対面の場合は、少々間違った言葉遣いやトーンでも、表情や手振りなどの「非言語」が補ってくれますが、電話は言葉だけが頼りの一本勝負。これが実にヤバイのです。現代において電話は重要なビジネスツール。自分ではそのつもりがなくても、相手に不愉快に感じられたら、アウトなのです。

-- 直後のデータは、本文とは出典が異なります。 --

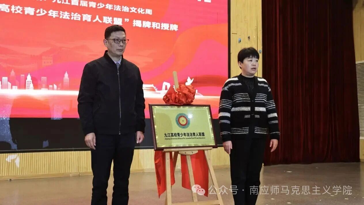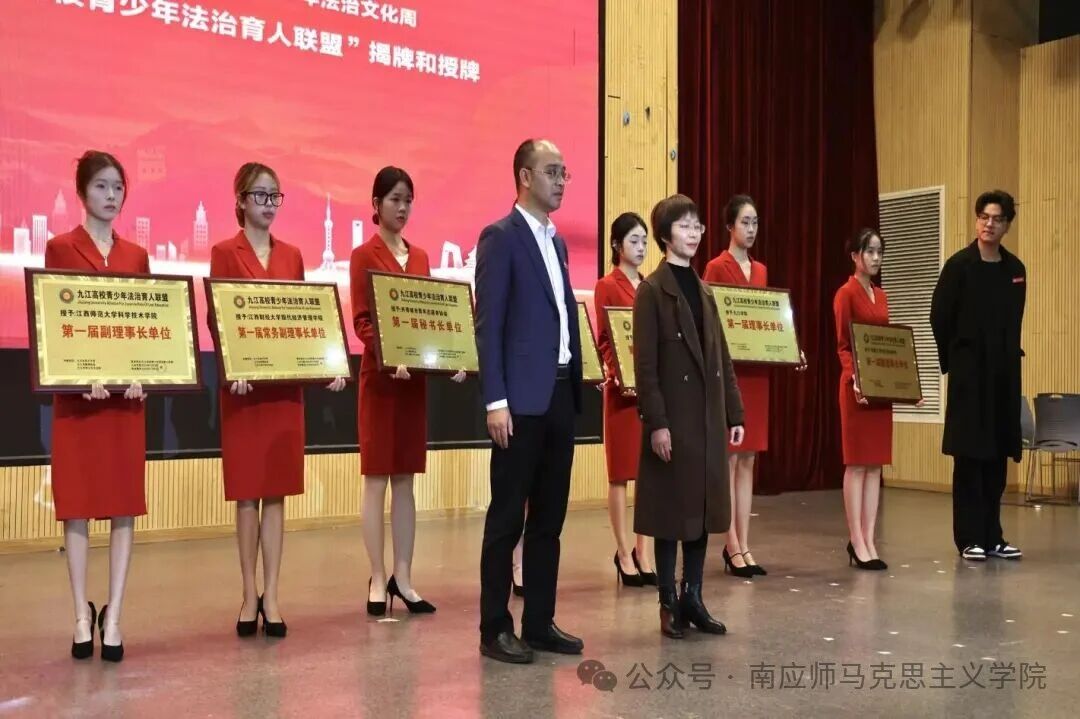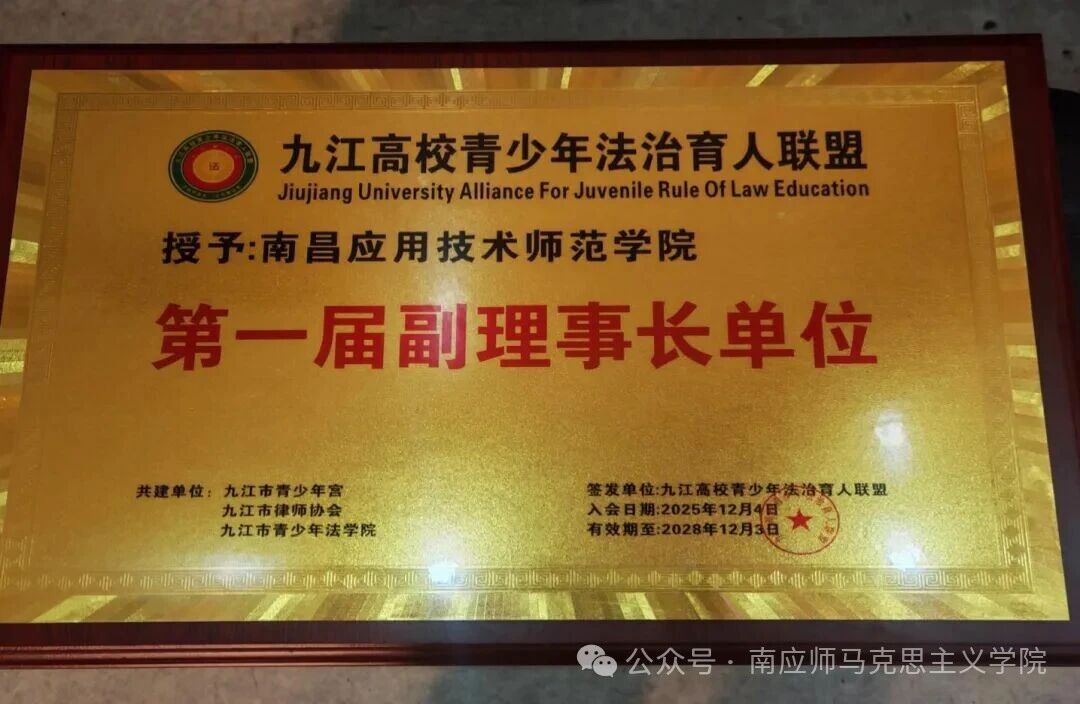 在“九江高校青少年法治育人联盟”揭牌及授牌环节,南昌应用技术师范学院被授予该联盟“第一届副理事长单位”称号,共青城市委宣传部、政法委等单位代表为学校授牌,这一荣誉既是对学校法治育人工作的高度认可,也标志着学校在区域青少年法治教育协同发展中迈出了新的步伐。
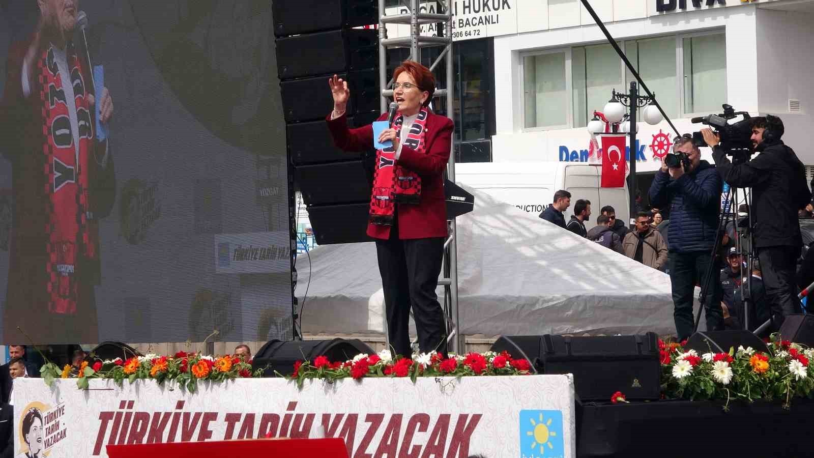İYİ Parti Genel Başkanı Meral Akşener ve Ankara Büyükşehir Belediye Başkanı Mansur Yavaş, seçim mitingi için Yozgat’a geldi. Burada vatandaşlara seslenen Akşener, millet ittifakının iktidarı kazandığı takdirde yapacakları vaatlerde bulundu. İlk işlerinin 15 Mayıstan sonra yüz bin öğretmen ataması olduğunu söyleyen Akşener, “11 bin köy okulunu hemen açacağız. Çok az bir tamiratla açılıyor. Ve bütün köylere bir öğretmen, bir ziraat mühendisi, bir veteriner ve tekniker tayin edeceğiz. Bütün çiftçilerin borçlarını yeniden yapılandıracağız. İlk bir yılı hiç ödemesiz. Ödemeyeceksiniz. İkinci yılında bir yıl faiz ödemeli, sonra beş yıl sadece anaparayı ödeyeceğiniz bir sistem kuracağız. Mazotu mutlaka indireceğiz çiftçi için. Elektrik indirim yapacağız. Yemde, mazotta ve gübrede indirim yapacağız. Yozgat’a bir tane biyogaz tesisi kuracağız. Hem elektrik üreteceğiz hem de çok ucuza biyolojik gübre dağıtacağız. Tarım yapılacak. Gençlerimizin 18-20 yaş altı grubuna ve ev kadınlarımıza şart ileri sürmeden 2 bin 500 lira aylık maaş bağlayacağız. Mülakatı kaldıracağız. Hak, hukuk, adalet diyorsunuz. Onun için hukukun üstünlüğü, yargının bağımsızlığı, demokrasi gerekir. Bunu derhal yerine getireceğiz. Haramilerin saltanatını beraber yıkacağız.” dedi.
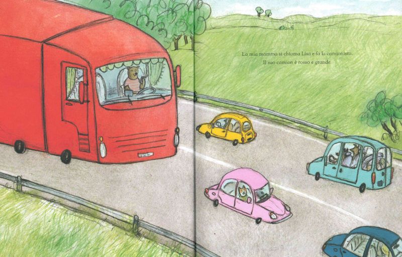 Si chiama Lisa e ha un grandiiissimo camion rosso. Forte vero? Il papà della piccola orsetta invece si chiama Gigi ed è un maestro d’asilo: legge le storie ai bambini e gli fa fare un sacco di lavoretti. Durante la settimana mamma orsa percorre molti chilometri lontana da casa, ma il venerdì sera torna, e papà orso prepara un buonissimo budino alle arance per accoglierla.
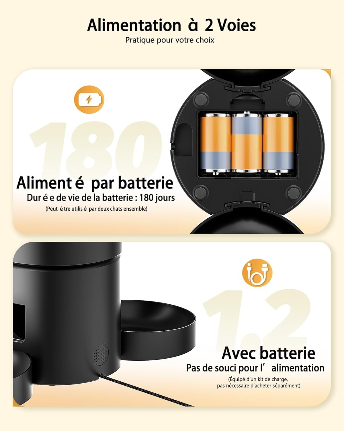 - Double alimentation sécurisée: Alimentation par adaptateur USB 5V (inclus) ou 3 piles D (non incluses). Double verrouillage du couvercle et panneau bloqué : même les chats malins ne peuvent l’ouvrir !
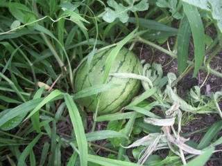 | 小玉西瓜がだんだん大きくなってきました。このくらいが食べごろかな?と思いますが、外からではなかなか分かりません。ツルの具合を見て、少し茶色くなってきたところで採集しました。 |
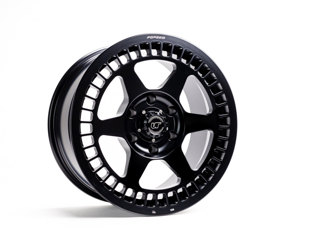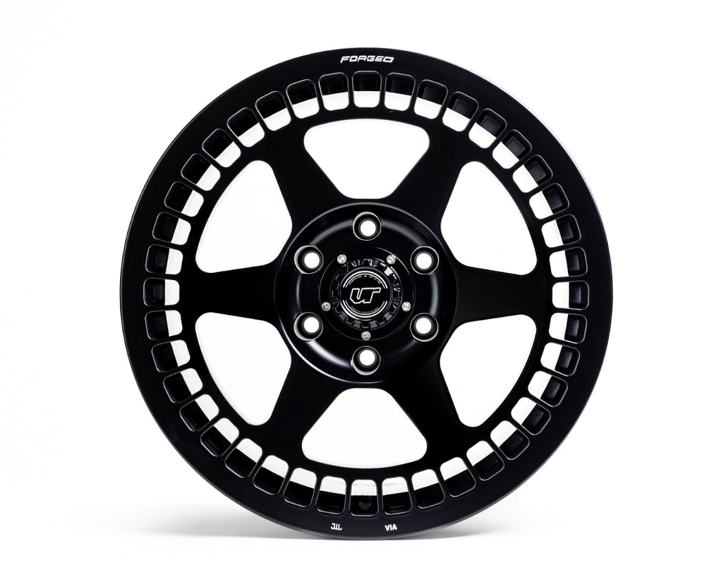 The VR Forged D07 is a full 1pc forged monoblock truck wheel. The design of this wheel is very rugged with an entire CNC machined ring surrounding the stout 6 spokes. Manufactured using a 10,000 ton press, these wheels are incredibly strong. This wheel is perfectly matched to any offroad vehicle. Features a knurled bead area for added grip when running low tire pressures.
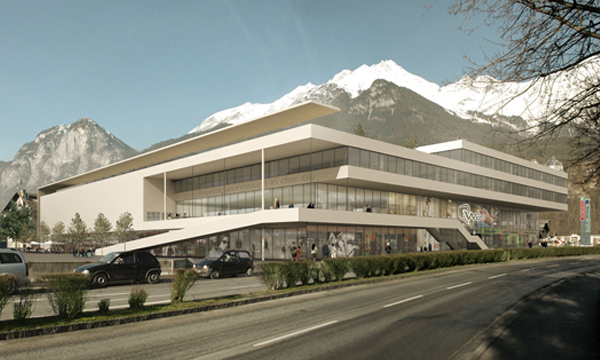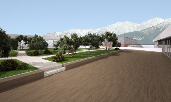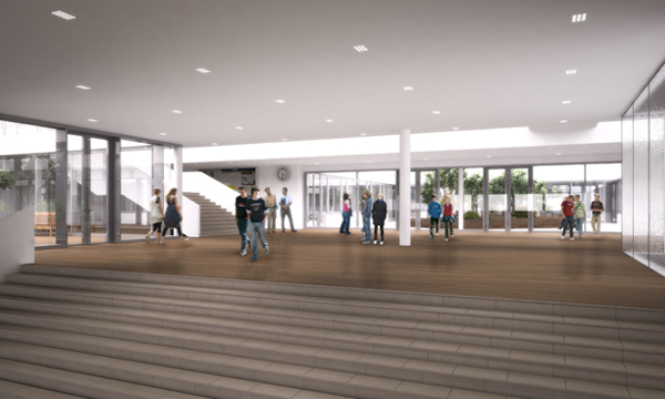 Die Benutzer der Schule sind im öffentlichen Raum sichtbar. Ihr Weg führt aber doch rasch weg vom Straßengeschehen, hebt sich klar vom Einkaufszentrum ab auf den 5 m höheren, morgenbeschienenen Vorplatz. Foyer, Garderobe und großzügige Freitreppe zelebrieren die Frei- und Pausenflächen und bieten eine spannendes Raumerlebnis.

筆者は「電話の応対が横柄」というクレームにより解雇された人を見たことがあります。社内で接する限りでは、それほど感じないのですが、電話を通すと、ひどくぶっきらぼうに受け取られたようです。

<アドバイスポイント>
電話は会社の顔。ただ言葉を発するのではなく、相手にどう伝わるかを意識して、声のトーンや抑揚に注意して対応してください。

「売り言葉に買い言葉」「言葉のあや」など、言葉一つで大きなトラブルに発展することがあります。今回のアドバイスを参考に、正確に気持ちが伝わる話し方を習得してください。